1. What is a Bloom filter?
Fast and small processing method
Bloom filter (Bloom Filter): is a very space-efficient probabilistic algorithm and data structure, used to determine whether an element is in a set (similar to Hashset).
Its core is a long binary vector and a series of hash functions
The length of the array and the number of hash functions are determined dynamically.
Hash function: SHA1, SHA256, MD5..
2. The classic scene of the application
A public email provider like Yahoo, HotMail, and Gmail
always needs to filter out spam from people
who send spam
. Registering a new address, there are 5 billion addresses that send spam emails at least in the world.
How to quickly determine whether an email address is a spam address? Save it and confirm?
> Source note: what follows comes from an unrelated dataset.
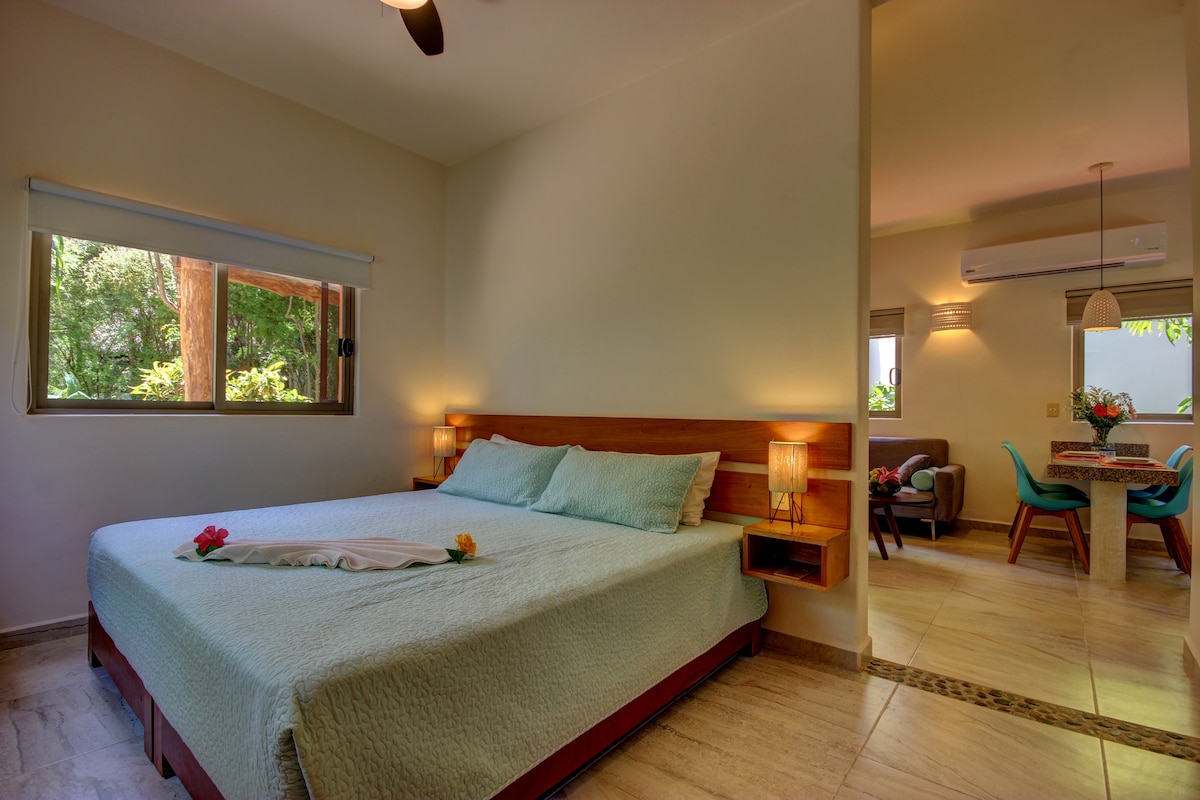 Studio suite in quiet area of Playa del Carmen, for 3 guests with one king bed and one single (can be made up as 3 singles if you prefer) kitchenette, seating area, air conditioning, wifi, dvd player, daily basic cleaning, tours available and more!
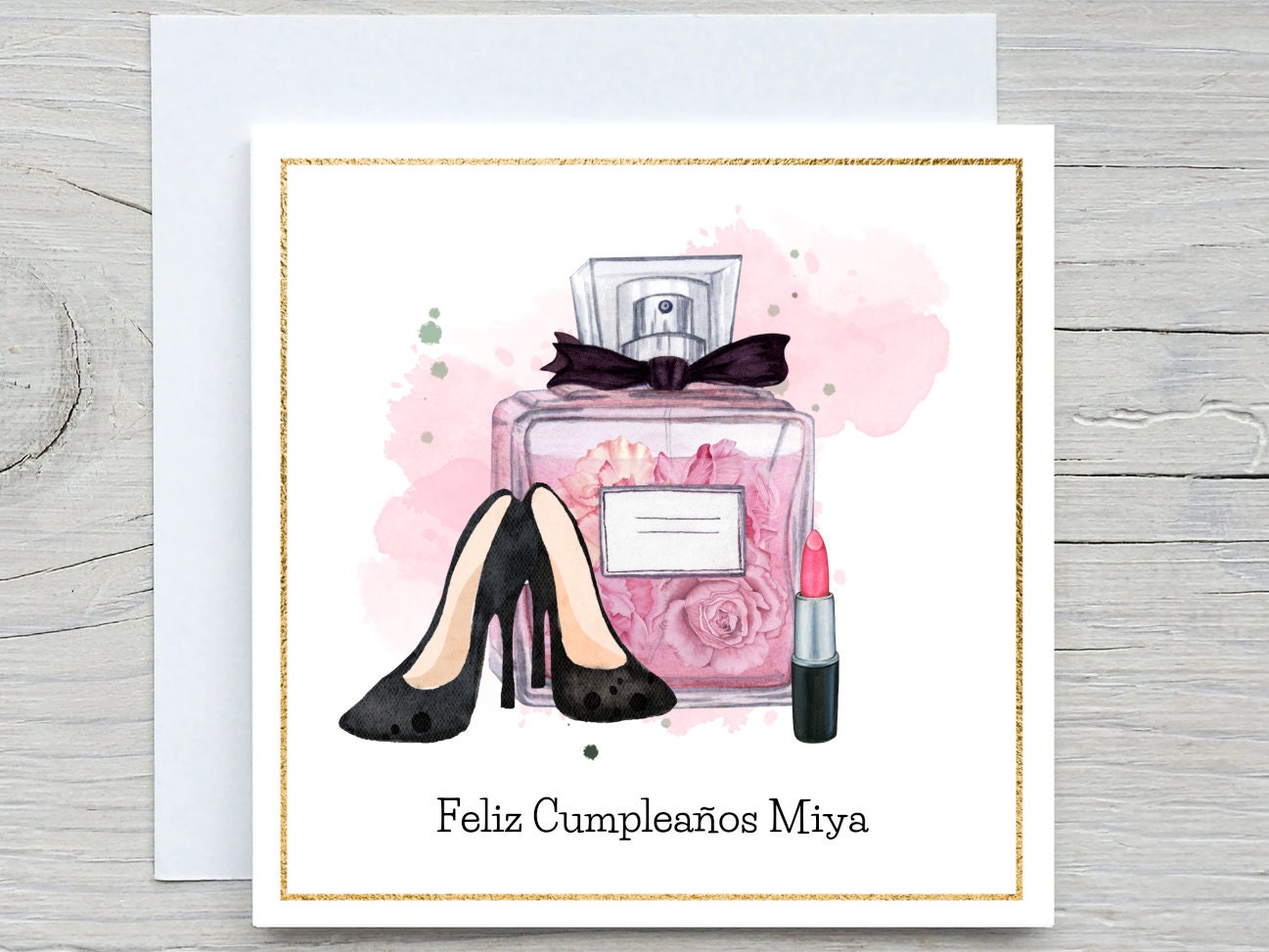 Spanish Personalised Name Birthday card, Perfume High heels birthday card, for her birthday card, diva fashion lover birthday, feliz cumple

An average mailbox is 18 bytes, how big is the capacity of 5 billion mailboxes?
18byte x 5 billion = 9 billion
3. Strengths and Weaknesses
Advantages:
full storage but not the element itself, which is advantageous in some occasions with very strict confidentiality requirements;
high space efficiency
Insertion/query time is a constant O(k), far exceeding the general algorithm
Disadvantages:
There is a false positive rate, which increases as the number of stored elements increases; in
general, elements cannot be deleted from the Bloom filter; the
process of determining the length of the array and the number of hash functions is complicated ;
4. Application scenarios
- Google's famous distributed database Bigtable and Hbase use Bloom filters to find rows or columns that do not exist, and reduce the number of IOs for disk lookups
- The document storage inspection system also employs bloom filters to detect previously stored data
- Google Chrome uses a Bloom filter to speed up Safe Browsing
- Spam address filtering
- Crawler URL address deduplication
- Solve the problem of cache penetration
5. Bloom Filter actual combat
Use goole guava to easily implement bloom filter
source code analysis bitArray, numHashFunction, funnel, Strategy, put(),
Demo instance
Scenario description: 100w strings are put into bloom filter, and 1w strings are randomly generated to determine whether they exist in 100w
Purpose, understand the simple use of bloom filter;
understand the influence of false positive rate on the number of hash functions and the length of bit arrays;
use bloom filter to solve the problem of cache breakdown
public class BloomFilterTest { private static final int insertions = 1000000; //100w @Test public void bfTest(){ // Initialize a Bloom filter that stores string data, the initial size is 100w, cannot be set to 0 BloomFilter<String> bf = BloomFilter.create(Funnels.stringFunnel(Charsets.UTF_8), insertions,0.001 ) ; // Initialize a set that stores string data, initialize size 100w Set<String> sets = new HashSet<> (insertions); // Initialize a set that stores string data, initialize size 100w List<String> lists = new ArrayList< String> (insertions); // Initialize 1 million random and unique strings to three containers---initialization operation for ( int i = 0; i < insertions; i++ ) { String uuid = UUID.randomUUID().toString(); bf.put(uuid); sets.add(uuid); lists.add(uuid); } int wrong = 0; // The number of times the Bloom filter is wrongly judged int right = 0; // The number of times the Bloom filter is correct for ( int i = 0; i < 10000; i++ ) { String test = i%100==0?lists.get(i/100):UUID.randomUUID().toString(); // Select the string that must exist in bf according to a certain proportion if (bf.mightContain(test) ){ if (sets.contains(test)){ right ++; }else{ wrong ++; } } } System.out.println("=================right====================="+right);//100 System.out.println("=================wrong====================="+wrong); } }
6. Solve cache breakdown
private BloomFilter<String> bf; @postConstruct -------------> Initialized method private void init(){ // Add the unique code in // Initialize Bloom filter bf = BloomFiler.create(Funnels.stringFunner(Charsets .UTF_8), encoding.size()*1.2 ); for (String str:ucodes){ bf.put(str); } ======== Put Bloom filter data into a single service, separate from business code use multithreading if(bf.mightContain(usercode)){ return null; }
This time the Bloom filter landing scene is: optimizing the associated query
Optimization background: Querying an order needs to be associated with the early warning order data. Since each early warning is queried, the early warning table is queried once, which is inefficient, that is, to determine whether the order is early warning or not.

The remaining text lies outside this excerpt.